4. Circuit Breaker for Uploader Communication

Decision: UploaderCoordinator implements a circuit breaker pattern when messaging the Nutrient uploader orchestrator.

CLOSED state (normal):
  → Send messages to uploader queue
  → On failure: increment failure counter
  → If failures >= 5: transition to OPEN

OPEN state (circuit tripped):
  → Reject messages immediately (don't attempt send)
  → After 30s timeout: transition to HALF_OPEN

HALF_OPEN state (testing):
  → Allow one test message
  → If success: transition to CLOSED
  → If failure: transition back to OPEN

Why: The Nutrient uploader is a separate module with its own queue and scaling constraints. If it's overwhelmed or down, the circuit breaker prevents the exchanger from flooding it with messages and consuming its own Lambda concurrency on retries.

5. AWS Glue for Bulk Database Copy

Decision: Use PySpark Glue job for bulk database ETL rather than per-record Lambda processing.

Glue Job (script.py):
  Source DB: {DB_NAME_PREFIX}_{source_case_id}
  Target DB: {DB_NAME_PREFIX}_{destination_case_id}

  Tables copied: documents, document_variants, exhibits,
    label_category_labels, custom_field_values, custodians,
    custodian_exhibits, confidentiality_codes, confidentiality_logs,
    relevancy_logs, folder_tags, folder_taggings, label_categories, etc.

  Connection: JDBC via RDS proxy (writer + reader endpoints)

  Optimizations:
    - ThreadPoolExecutor (BFS_MAX_WORKERS=8) for parallel child table processing
    - Thread-safe column caching (_columns_cache with lock)
    - JDBC fetch size tuning (spark.sql.jdbc.fetchSize=10000)
    - _execute_with_reconnect() for connection resilience
    - delete_rows_in_batches() for safe bulk deletions

  Post-copy operations:
    - Clear document_properties (NULL) on exchanged exhibits
    - Assign source exhibit ID as number field on target exhibits
    - Remap confidentiality_status bitwise to target case codes
    - Deduplicate label categories and folder tags by name

Why: Copying thousands of database records per-document via Lambda would be slow and expensive. Glue's Spark engine handles bulk JDBC reads/writes efficiently, and the Glue job runs independently of the Lambda timeout limit.

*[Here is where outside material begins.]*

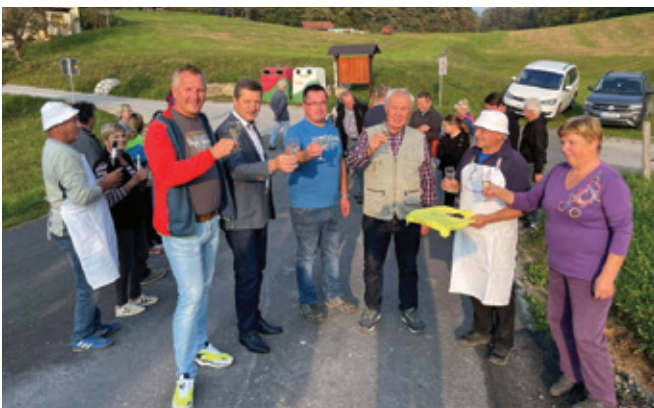
V Jajčah so namenu predali dva nova cestna priključka.

V zaselku Jajče smo 14. oktobra 2022 predali namenu dva cestna priključka.

6. Step Functions for Glue Orchestration

Decision: Use Step Functions to orchestrate the Glue job → payload construction → notification sequence.

RunGlueJob (retry: 3 attempts, 30s interval, 2.0 backoff)
  → Success: DB_COPY_FINISHED → InvokePayloadLambda
  → Failure: GLUE_JOB_FAILED → SNS notification

Why: Glue jobs can run for minutes to hours. Step Functions provides native retry/backoff, failure handling, and SNS notifications without requiring a polling Lambda.

Processor Details

S3 Copy Processor

Copies document files from source case S3 to destination case S3:

Receive SQS message (documentId, sourcePath, destPath)
  → S3.CopyObject (server-side copy, no data transfer through Lambda)
  → If NoSuchKey: publish DOCUMENT_NOT_FOUND, skip
  → On success: publish DOCUMENT_COPIED
  → Send message to uploader queue (for Nutrient ingestion)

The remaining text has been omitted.